There's Something in the Water! A Look at Disinfection By-products in Drinking Water

Author:  Vora Sadhna
Institution:  Chemistry
Date:  September 2005

I took a long gulp of fresh, cold water when I staggered into my apartment. It was one of those suffocating summer days in Washington D.C, when the heat blankets your body and only an ice-cold cup of water promises escape. I splashed some on my face, collapsed on the couch, and began thumbing through a pile of journal articles on disinfection of drinking water - homework for my job as an environmental health intern at Physicians for Social Responsibility.

Water disinfection, which reduces microbial contamination, is among the greatest triumphs of public health in the twentieth century. Illnesses such as typhoid fever and cholera can now be prevented by modern sanitation processes. However, our current methods of disinfection trade one set of drinking water contaminants for another. The rest of my glass of water stood untouched as I read the research articles on disinfection by-products (DBPs), toxic substances such as trihalomethanes, haloacetic acids, bromate and chlorite that form when disinfectants react with organic material naturally found in water (EPA Office of Water 2001).


The Effects of Drinking Water DBPs on Public Health

Chlorination, which produces a number of harmful DBPs, is the most common method of disinfecting water (Farland et al. 1993). Some DBPs cause developmental and reproductive defects, while others damage the heart, brain, kidneys and liver (Tibbets 1995). Residual chlorine and chlorination by-products are also human carcinogens. According to the U.S. Council of Environmental Quality, the cancer risk to people who drink chlorinated water is 93% higher than among those whose water does not contain chlorine (Environmental Systems Distributing 2000). Cancers of the colon, rectum and bladder have been linked to chlorinated drinking water (Hildesheim 1998). One study estimated that chlorination by-products result in 10,700 bladder and rectal cancers a year (Tibbets 1995); another suggested a possible correlation between certain DBPs in drinking water and breast cancer (Melnick 1994).

DBPs pose a particularly grave risk for young children. The reason for this heightened risk is two-fold. First, children consume much more water per unit of body weight than adults, and are therefore exposed to higher levels of DBPs. Second, children's bodies are more susceptible to injury from toxins. A study by Kanitz et al. (1996) shows that a given quantity of a DBP more strongly affects a child's body than an adult's. The chlorates and chlorites that form during disinfection are especially toxic to children. Infants' and young children's blood cells are relatively easily damaged by these substances, resulting in a reduced ability to transport oxygen throughout the body.

Kanitz's group also provided evidence that DBPs have strong effects on fetuses. They found that jaundice was nearly twice as likely to occur in newborns whose mothers drank water disinfected with chlorine dioxide during pregnancy. The newborns were also more likely to have a smaller body length and head size if their mothers had consumed chlorinated water during pregnancy.

Trihalomethanes are another class of DBPs that result when chlorine is used as a disinfectant. Studies have linked these DBPs with an increased frequency of stillbirths (King 2000). Trihalomethanes have also been implicated in birth defects of the brain and spinal cord (Klotz 2000). Babies with these defects may die soon after birth or may demonstrate learning disorders or mental retardation.

While chlorination is a common means of disinfection, there are other methods also currently in use. Ozonation, a process that uses the tri-atomic form of oxygen as a disinfectant, is the most common alternative to chlorination. Although ozonation does not give rise to the creation of trihalomethanes and other chlorinated by-products, it creates other DBPs under certain conditions. The most prevalent ozonation DBP is bromate, a toxic product of chemical reactions initiated by ozone in bromide-containing waters. Bromate ingestion can cause abdominal pains, kidney failure, hearing impairment and an increased risk of cancer (SFPUC 2000).

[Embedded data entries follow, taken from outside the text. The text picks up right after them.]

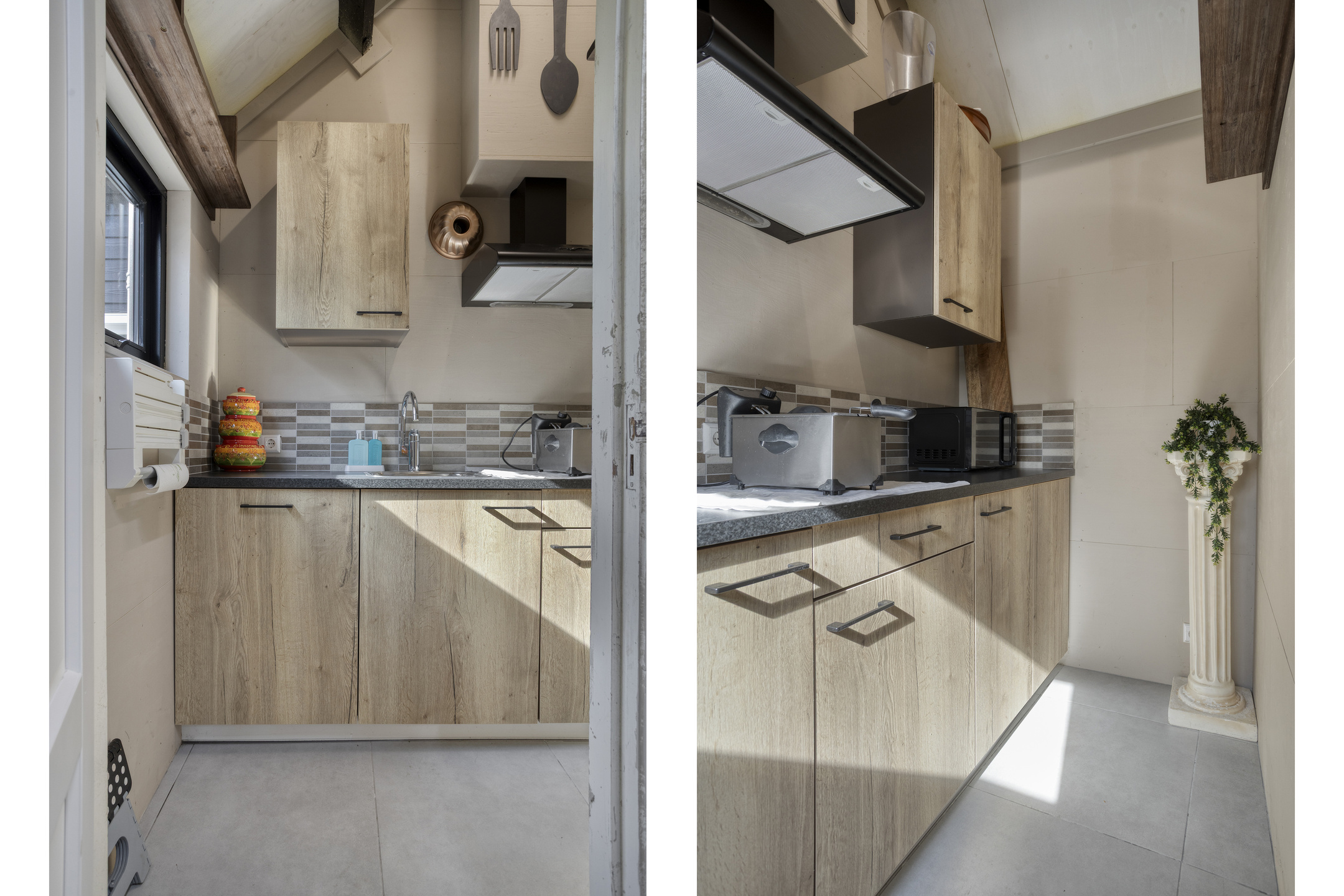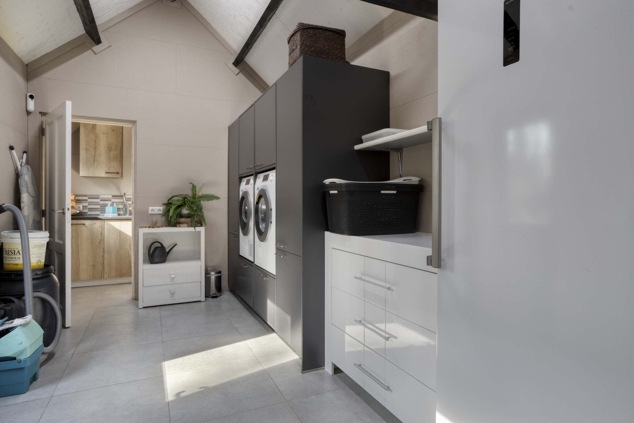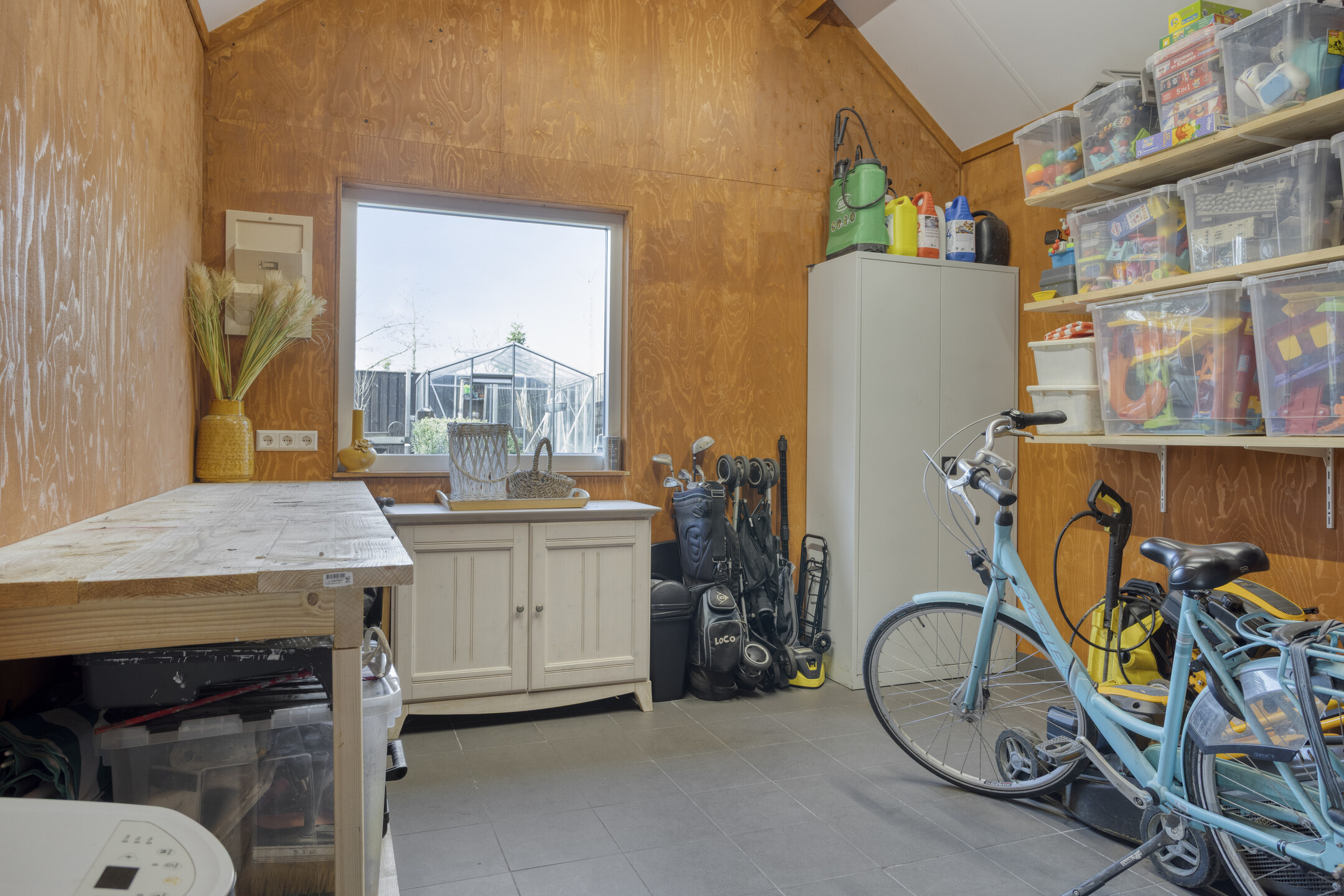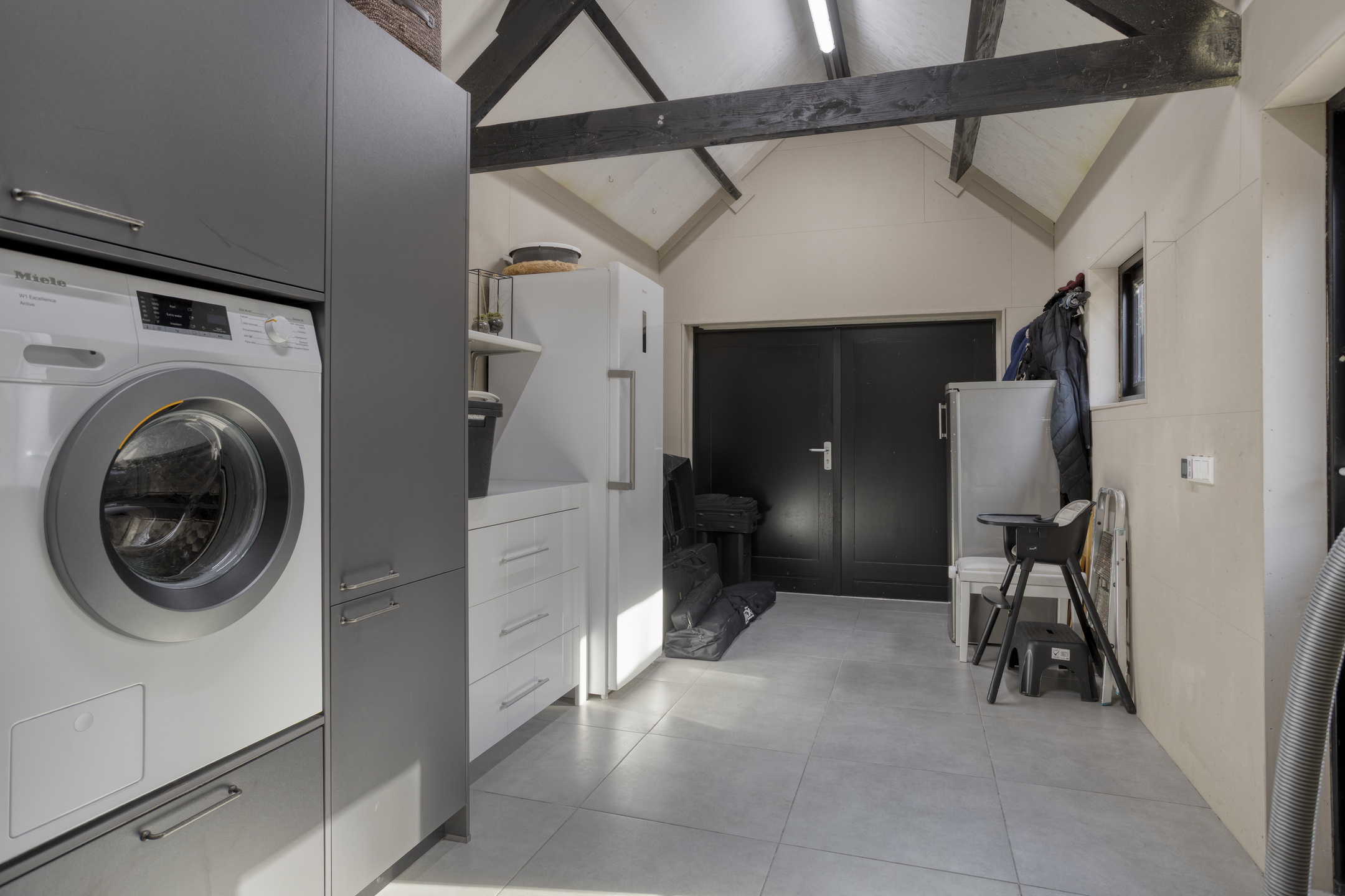 The former garage has been practically converted into a utility room with all necessary connections for household appliances. Thanks to its double doors, it can also serve perfectly as a bicycle storage area, adding to the overall convenience.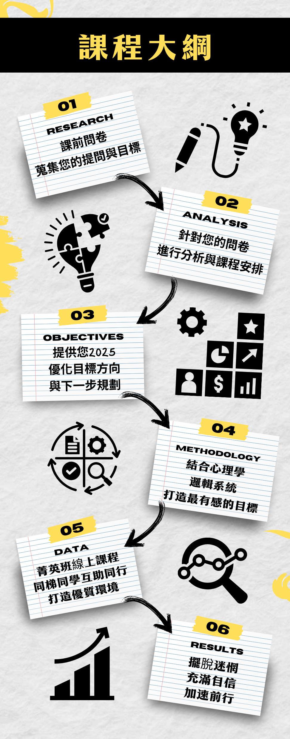 於課前兩週提供問卷表單,填寫完畢後客製化安排您的優化課程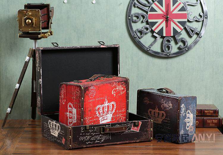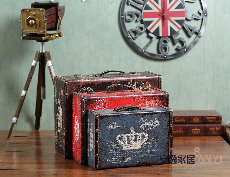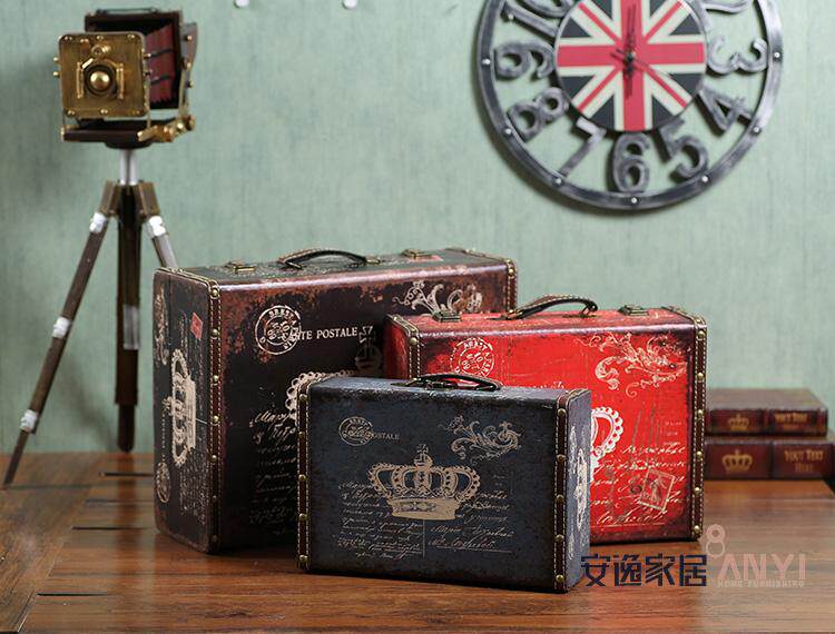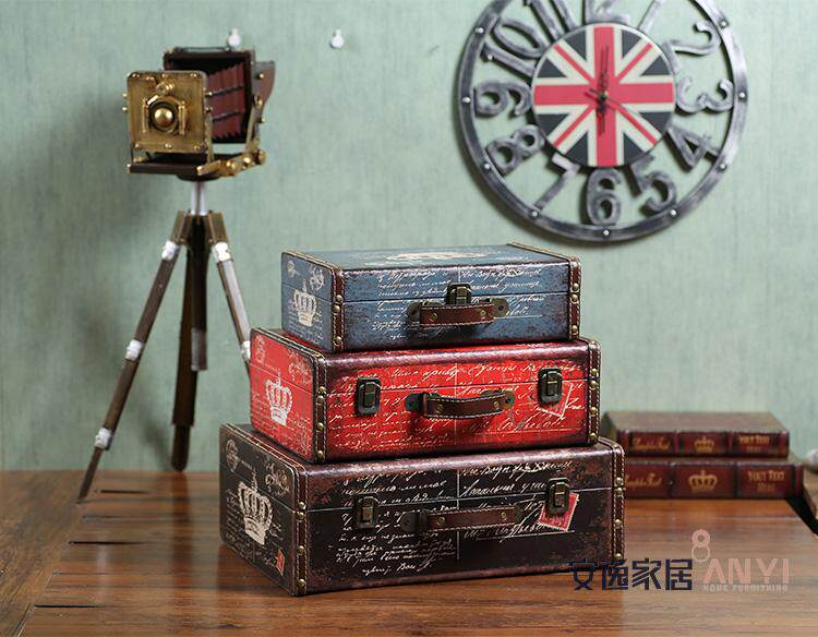 复古皮箱摆件 手提箱木箱子摄影陈列道具 橱窗摆设服装店软装饰品

How are Drinking Water DBPs Regulated?

In order to limit the effects of DBPs, the Environmental Protection Agency (EPA) has implemented standards that regulate the concentrations of both DBPs and organic materials (such as bromide) that react with disinfectants to produce DBPs (EPA 2001). In 1996, the Safe Water Drinking Act mandated that the EPA set enforceable standards to protect drinking water quality (Federal Advisory Committee, EPA 2000). This law sought to regulate not only DBPs, but also a host of other drinking water contaminants. The first step was to assess the status of drinking water in the United States. Massive data collection on drinking water systems led to the Stage 1 Disinfectants and Disinfection By-Products Rule, limiting maximum acceptable levels of DBPs such as bromate and total trihalomethanes. Large systems must comply with this rule by 2002 and smaller ones by 2004. Meeting these standards is expected to cost $700 million and provide 140 million people with increased protection from DBPs (EPA 2001). The EPA is considering even more stringent measures for the future. Clearly, the government views DBPs as a noteworthy risk to public health in the U.S.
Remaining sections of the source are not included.